Statistical analysis

Descriptive statistics were calculated in Microsoft Excel (2016) and via the online MedCalc statistical calculator (https://www.medcalc.org/calc/diagnostic_test.php).

Results

Cohort clinicopathologic features summary

The training set consisted of WSI (n = 205) from 30 women; 17 in the group PFI-S (WSI n = 105) and 13 in PFI-L (WSI n = 100). The validation test set consisted of 22 WSI from 22 women, 11 in the PFI-S group and 11 in PFI-L. The clinicopathologic features of each group are presented in Table 1.

Table 1

Clinicopathologic features summary.

	Training set		Validation test set
	Short PFI (n = 17)	Long PFI (n = 13)	Short PFI (n = 11)	Long PFI (n = 11)
Age at diagnosis (years)
Mean (range)	63.6 (54–75)	64.9 (51–73)	61.6 (43–78)	61.1 (50–73)
≥ 64	7	8	4	5
< 64	10	5	7	6
FIGO stage
IIIB	1	2	0	4
IIIC	12	10	10	7
IVB	4	1	1	0
R status after PDS
R0	1	3	0	2
R1	0	2	0	2
R2	16	8	11	7
PFI (months)
Mean (range)	2.8 (0–5)	46.9 (19–149)	3.6 (0–6)	41.4 (18–87)
Year of diagnosis (range)	2006–2012	2007–2013	2006–2011	2006–2013
Number of slides	105	100	11	11
Mean per tumor (range)	6.2 (1–13)	7.7 (2–12)	1	1

Clinicopathologic features summary. Ten of the 30 training set cases were noted to have a predominantly papillary architecture (Table 2), relatively evenly balanced between the PFI-S (6/17, 35%) and PFI-L (4/13, 30%) outcome groups. 4 tumors were notable for their uniform morphology, all of which were the non-classic SET/ambiguous type. Only 6 tumors lacked any identifiable classic papillary architecture, and 4 of these represent the tumors with uniform morphology noted above. Findings were similar for the test set cases (Table 2), despite utilizing only one slide per tumor, though the PFI-S group had one case with uniform classic-type architecture.

Table 2

Morphologic classification of the training and testing sets.
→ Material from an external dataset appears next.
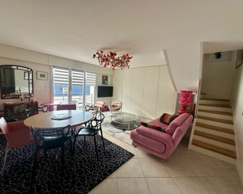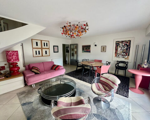 En duplex, un palier dessert deux belles chambres, un bureau, une salle d'eau, WC.
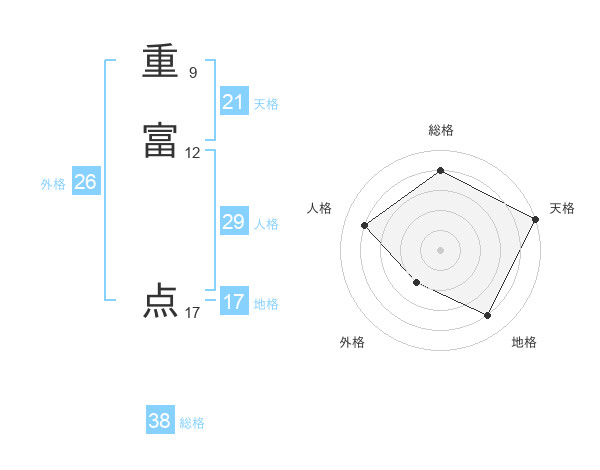 重富 点さんの総格は38画の4点!

Tumor morphology	Training set		Test set
Tumor morphology	PFI-S (n = 17)	PFI-L (n = 13)	PFI-S (n = 11)	PFI-L (n = 11)
Classic papillary (uniform)	6 (0)	4 (0)	3(1)	2(0)
Non-classic (uniform)	11 (2)	9 (2)	8(1)	9(1)
Classic foci, any amount	14	10	9	10

Morphologic classification of the training and testing sets.

Prognosticator/classifier

We trained the classifier initially on 205 WSI of adnexal tumors from 30 women (Fig. 1a,b); this was followed by annotations of digital biomarkers (Fig. 1c; 178 WSI from the 30 women), which were used to train a new, final, neural network in replicate. In the 22 WSI validation test set, all slides had pixel areas identified as digital biomarkers (high-confidence pixel areas) for short PFI, and all but one slide had at least focal digital biomarker regions for long PFI, though the presence of PFI-L digital biomarker findings was scarce overall (Table 3). Representative digital biomarkers are shown in Fig. 2.

Table 3

Results and classification of validation test set replicates.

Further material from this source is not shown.